Prawie 125 tys. zł stracił 41-latek, który przez blisko dwa lata inwestował na internetowej giełdzie. Wpłaty przelewał na konta wskazane przez telefonicznych doradców finansowych. Pieniądze nigdy nie dotarły na giełdę, a telefoniczni doradcy prawdopodobnie z prawdziwymi maklerami niewiele mają wspólnego.
– Z 41-latkiem telefonicznie skontaktował się mężczyzna, podający się za doradcę finansowego, który reprezentuje profesjonalną międzynarodową firmę i posiada wiarygodne informacje o tym, które akcje spółek mają szanse na wzrost – mówi Marta Białek ze strzeleckiej komendy policji.

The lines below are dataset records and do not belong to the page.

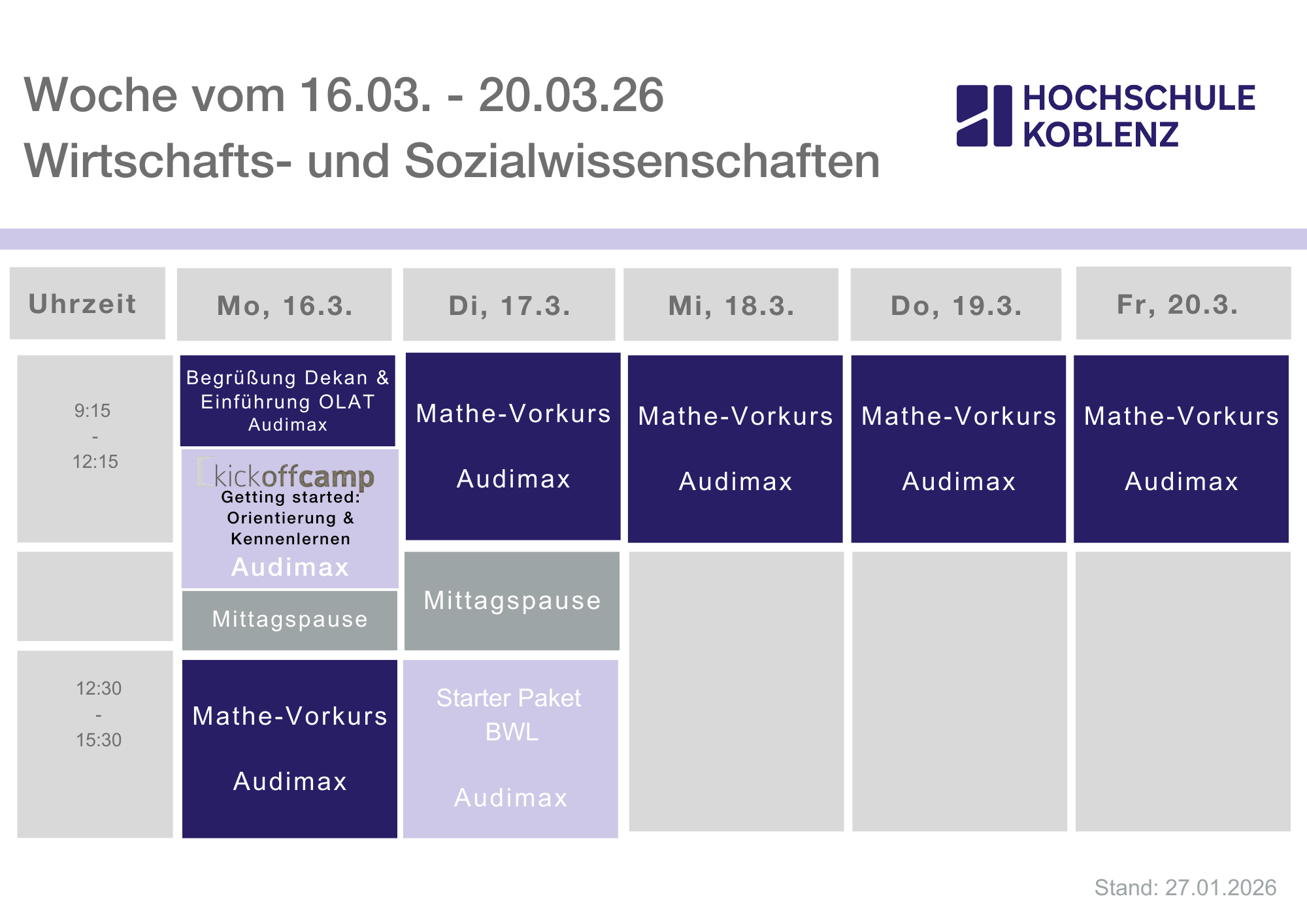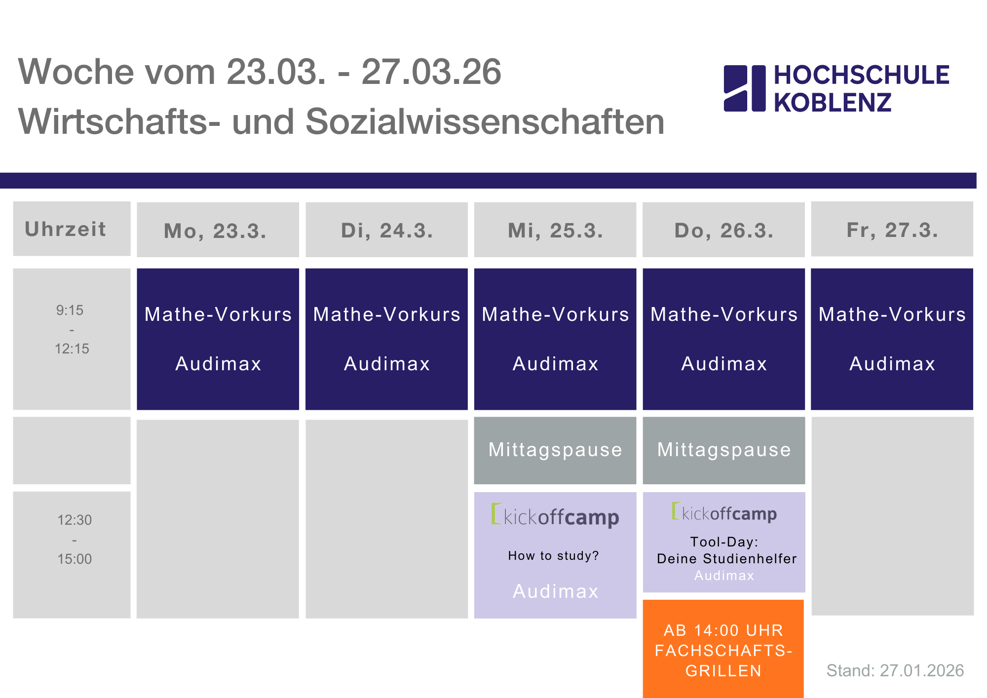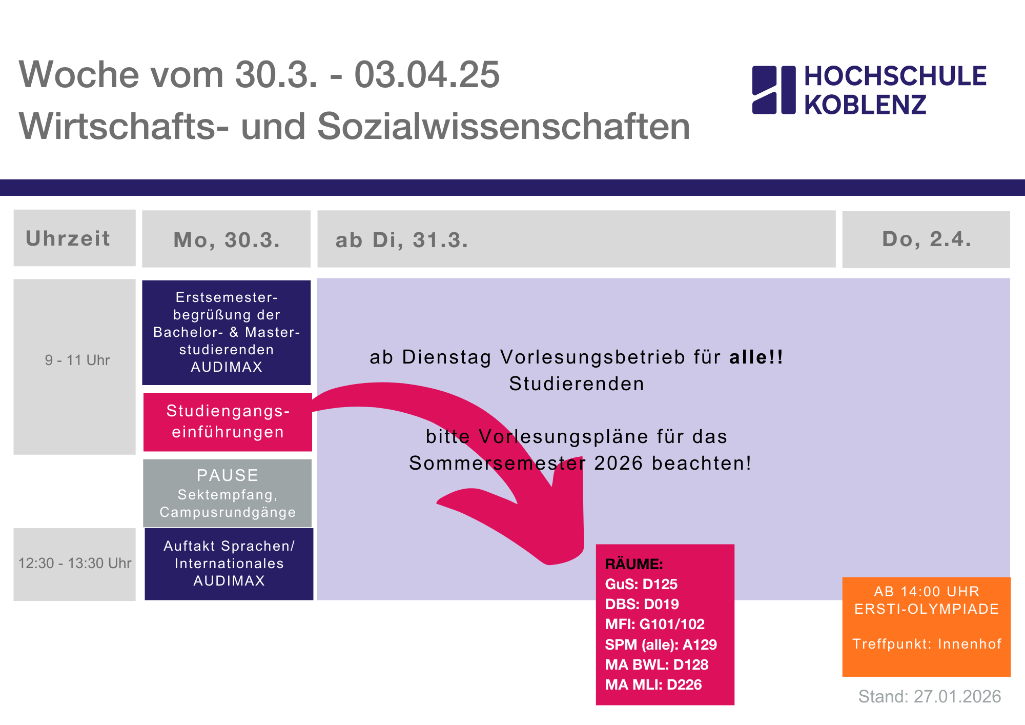 Offizielle Erstsemesterbegrüßung im Audimax | Montag, 30.03.2026, ab 9:00 Uhr |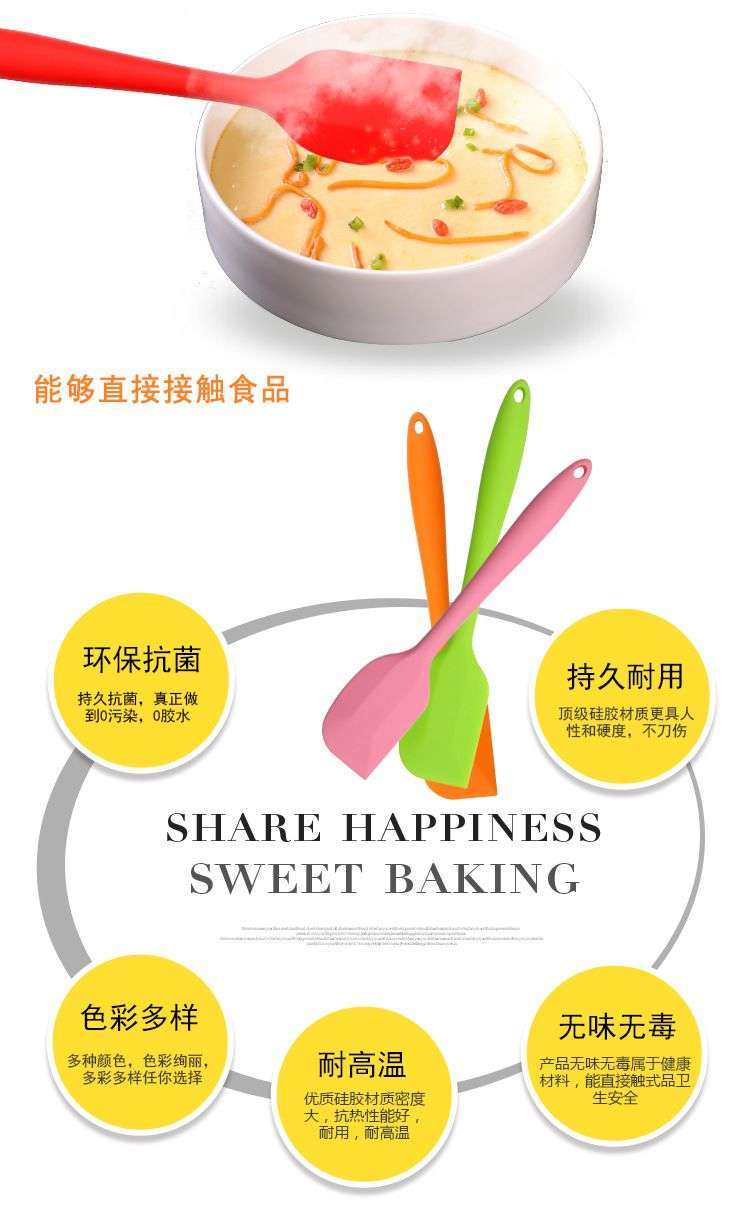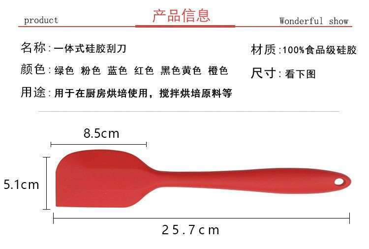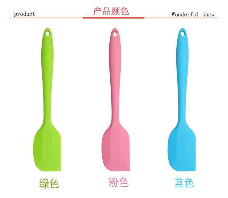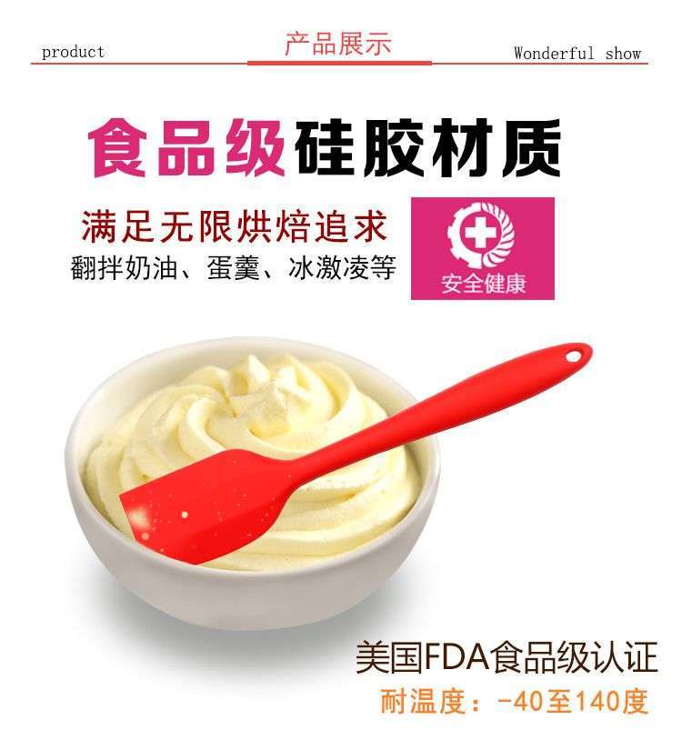 用途:做蛋糕,搅拌蛋白和蛋糕面糊均匀;可有效刮净搅拌盆表面的残留面糊、蛋白糊,集中食材并再次利用,减少损耗;抹平倒入模具中的面糊等等;清洗方便用于刮去不沾烤盘、不沾布、铝合金烤盘等上面的残渣、碎屑,不会刮伤产品表面。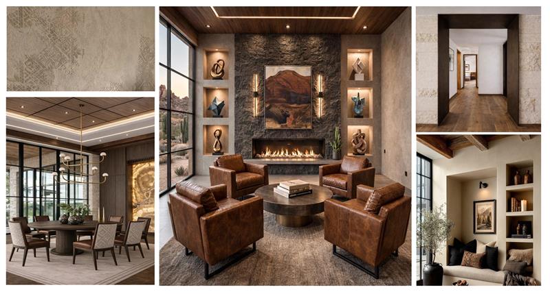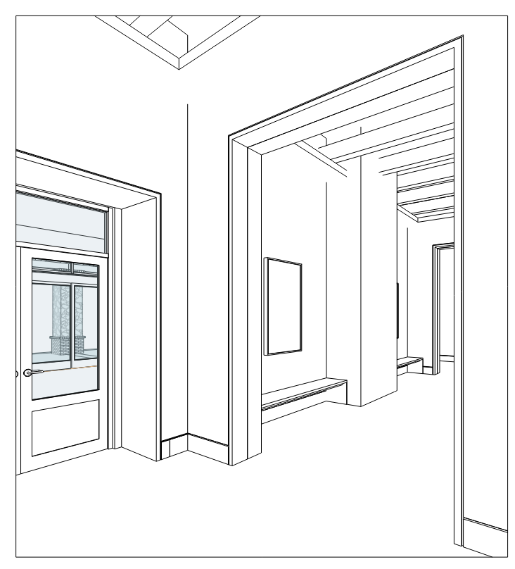 exterior shot rendering this corridor elevation to match the look and feel of the attached mood board the walls should be stacked lime stone and the opening should have the same wood wrap at the upper right image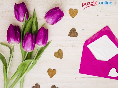 Puzzle Koperta, Tulipany, Bukiet, Serduszka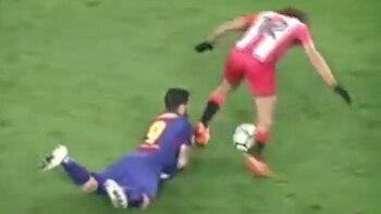 Cuando el duelo catalán ya estaba resuelto en el marcador, Suárez trató de conseguir la tarjeta amarilla a toda costa. Según un informe del canal Cuatro de España, fueron cinco descarados intentos por hacerse amonestar.

– Mieszkaniec naszego powiatu podpisał umowę w formie online z maklerem i przez kilka następnych miesięcy dokonywał wpłat na wskazane konta internetowe, przekonany że inwestuje na giełdzie. Po kilku wpłatach 41-latek postanowił sprzedać swoje akcje. Wówczas usłyszał od jednego z maklerów, że jego konto jest zablokowane, a jedyną formą jego odblokowania jest zakup reklamacyjny, polegający na wykupieniu wskazanej akcji za blisko 10 tys. dolarów.
Sytuacja powtórzyła się po kilku tygodniach, co wzbudziło podejrzenie pokrzywdzonego. Ostatecznie okazało się, że wszystkie wykonane przez 41-latka transakcje były symulacjami online, a przesyłane pieniądze nigdy nie były umieszczone na prawdziwym rachunku maklerskim. W wyniku oszustwa mężczyzna stracił blisko 125 tys. zł.